As Far As You Can Get Without A Passport
Anyone who has met Peter Case may be familiar with at least one of the tales he tells in the first installment of his heartbreakingly beautiful memoir, As Far As You Can Get Without A Passport. But, as John Doe points out in the intro, you don’t need any knowledge of who Case became to come under the spell of his compelling first-person story.
Before he emerged as a dynamic contemporary singer-songwriter with his Geffen Records solo debut in 1986, Case was a member of the ’70s punk-pop trio the Nerves, and the founder of the early-’80s underground-rock quartet the Plimsouls.
In this concise volume, though, he remembers his earliest musical days, beginning back in 1970, in bleak, wintertime Buffalo, New York, where he was a teenage acid casualty and a high school dropout, playing piano and singing in a garage band called Pig Nation.

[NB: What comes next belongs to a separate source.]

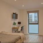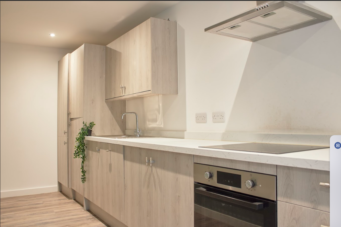 This studio has a modern finish throughout and features it's own sleeping space and shower room with a shared kitchen space.

Case writes in a plainspoken voice that often recalls such hipster heroes as Kerouac and Bukowski. Sometimes there are glimmers of Kafka, too: “My tongue is hanging out, black with death. There’s a constant knifing pain in my chest and fire in my limbs. On top of all this, the hallucinations continue, the walls moving and such. I try not to say too much, but it’s enough to drive me mad.”
In 1973, in an attempt to ditch that horror, Case travels west to San Francisco. And with little more than the clothes on his back and a cheap Yamaha acoustic, he lives by busking on the streets in North Beach and down at Fisherman’s Wharf, sleeping at crash pads and later living in a junkyard. His buddies are assorted winos, bums, leftover hippies, and a crazy cabbie who becomes his first “manager.” Eventually, he hooks up with some fellow musicians, and despite the calamity and paucity that beset him daily, bits of what will be his art begin to emerge.

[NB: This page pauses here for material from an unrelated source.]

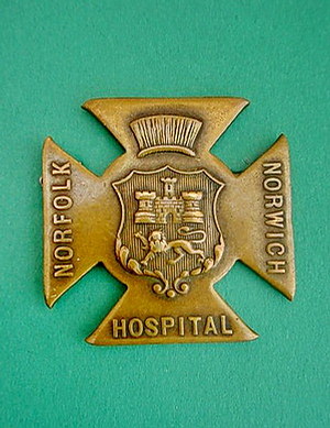..... Short Description ...... The Norfolk Norwich Hospital Hospital badge was awarded to nurses on completion of training. It is (shape) in shape and made from (materials), with the hospital name around the circumference. The badge weighs (weight) grams and has a (rear pin/button hole) fixing. Picture: The central design is of (description). Badges (were/were not) named and dated with the name of the recipient on the reverse. ..... |

To his credit, Case never telegraphs too much about that, keeping his perspective in the past, and allowing the details to flow naturally from the narrative — even if longtime fans will recognize people and places from that period in songs such as “Travellin’ Light” and “Entella Hotel”.
And when at the end, Case dangles the wistful line — “Tonight I’ll take my guitar and go back up on the street” — it’s a disappointment only because there are no more pages to turn. But it’s also a cue from a great performer that it’s time to start clapping for an encore.